YourCause Customers or Charitable Organizations may choose to share PII data related to its employees in order to support charitable giving program management. It is the responsibility of each Customer or Charitable Organization to notify its employees that PII data is shared with YourCause. YourCause will cooperate with its Customers and Charitable Organizations, however, to help them provide notice to their users concerning the purpose for which personal information is collected. Neither YourCause nor the Sites solicit the users on behalf of unrelated, third-party marketers.

CHANGING OR DELETING YOUR INFORMATION

We will retain personal data we collect, as well as personal data we collect and process on behalf of our Partners, for as long as needed to provide our Services. YourCause will retain and use this personal information as necessary to comply with our legal obligations, resolve disputes, and enforce our agreements.

All registered users may review, update, correct or delete the Personal Information in their registration profile by contacting YourCause and/or the appropriate individuals at their employer. If a user’s profile information is deleted, then the user’s account will become deactivated. If you would like us to delete your record in our system, please contact us with a request that we delete your Personally Identifiable Information from our database. We will use commercially reasonable efforts to honor your request and will work with the employer contracting with YourCause to ensure your data is properly removed within a reasonable time (though some information may not be erasable, as described above). We will retain your information for as long as your account is active or as needed to provide you services. If you wish to cancel your account or request that we no longer use your information to provide you services, you may do so in your user account settings, or you may contact us at support@yourcause.com. We will respond to your request within a reasonable timeframe. We will retain and use your information as necessary to comply with our legal obligations, resolve disputes, and enforce our agreements.

SECURITY

At YourCause, we are very concerned with safeguarding all information, as the protection of the data you share with us is very important. YourCause uses generally accepted industry practices to help prevent unauthorized use of, access to or alteration of visitor and user information and hosted data. These practices include the use of firewalls, SSL encryption, system redundancies, and co-location at a 24/7 monitored, access-controlled environment. YourCause personnel with access to information gathered from visitors and users have been advised of the importance of maintaining the confidentiality of such information and of using it only for the purposes described in this Privacy Policy.

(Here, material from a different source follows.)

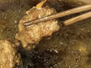 小心点放入排骨,炸几秒钟捞出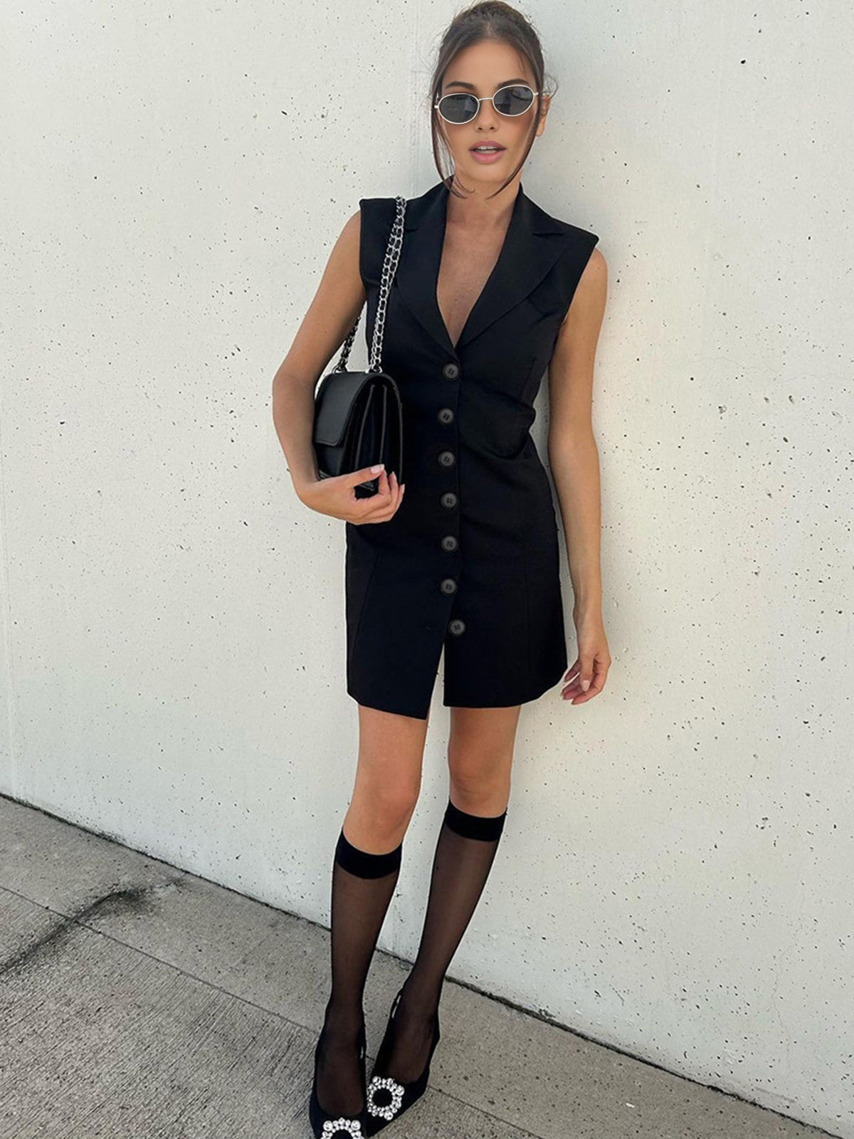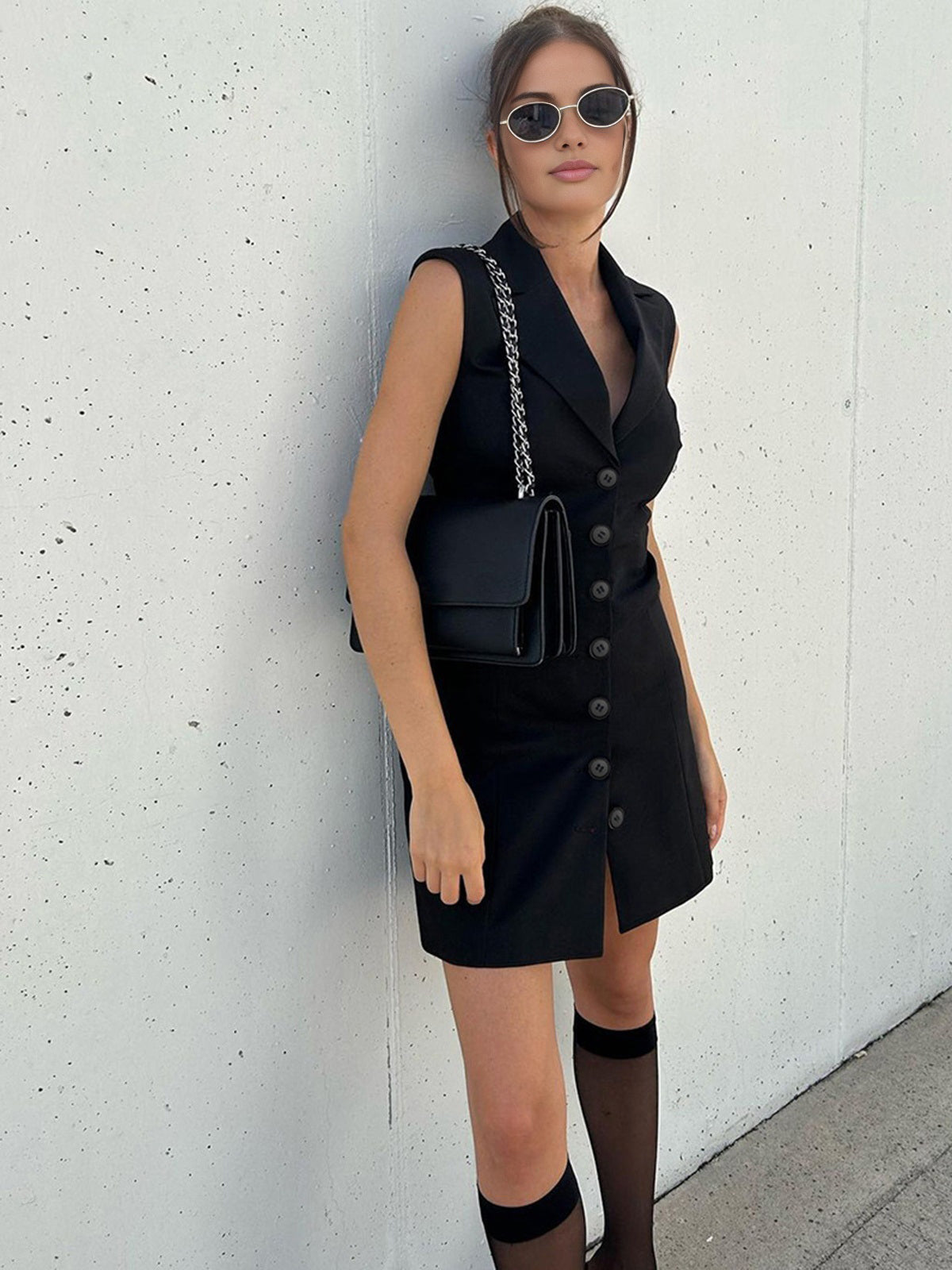 Kennedi Siyah Kolsuz Hollow Maxi Elbise

All Information Considered Private & Confidential | YourCause, LLC | 6111 W. Plano Parkway, Suite 1000, Plano, Texas 75093

Privacy Policy

All sensitive data you transmit to us via our Site is encrypted using industry standards as they exist at the time this policy is implemented both in transit over HTTPS using the Transport Layer Security protocol (“TLS”) and at rest using Transparent Data Encryption and other encryption standards of data at rest.

All sensitive data we collect from you (such as credit card information for the purpose of making a donation) is encrypted and transmitted to our processing partner when applicable, in a reasonably secure manner (where the data is encrypted over TLS using the Advanced Encryption Standard with a key length of 256 bits). You can verify the connection security by looking for a lock icon on your browser address bar.

We will make any legally required disclosures of any breach of the security, confidentiality, or integrity of your electronically stored PII in accordance with appropriate legal or regulatory requirements, taking into account the need to accommodate (i) legitimate requests by law enforcement and (ii) any measures reasonably necessary to investigate the scope of the breach and restore the reasonable integrity of the data system.

If you have any questions about security on our Web site, you can learn more at https://solutions.yourcause.com/security or contact us at support@gooddonegreat.com.

SWISS – U.S. PRIVACY SHIELD FRAMEWORK

YourCause complies with the Swiss – U.S. Privacy Shield Framework as set forth by the US Department of Commerce regarding the collection, use, and retention of personal information from Switzerland to the United States. YourCause has certified that it adheres to the Privacy Shield Principles of notice, choice, onward transfer, security, data integrity, access, and enforcement. If there is any conflict between the policies in this privacy policy and the Privacy Shield Principles, the Privacy Shield Principles shall govern. To learn more about the Swiss – U.S. Privacy Shield and to view our certification page, please visit https://www.privacyshield.gov/.

You may direct any complaints pertaining to our collection and/or use of your information to us at: security@yourcause.com or by mail at YourCause Security Office 6111 West Park Blvd. Suite 1000 Plano Texas, 75093. In compliance with the Swiss – U.S. Privacy Shield Principles, YourCause commits to resolve complaints about your privacy and our collection or use of your personal information. If you are unsatisfied with the resolution of your complaint, please contact the independent recourse mechanism listed below:

• HR Data Recourse Mechanism

YourCause commits to cooperate with the Swiss authority or authorities, including the Swiss Federal Data Protection and Information Commissioner, concerned in conformity with the Supplemental Principles on Human Resources Data and the Role of the Data Protection Authorities. YourCause will comply with the advice given by such authorities.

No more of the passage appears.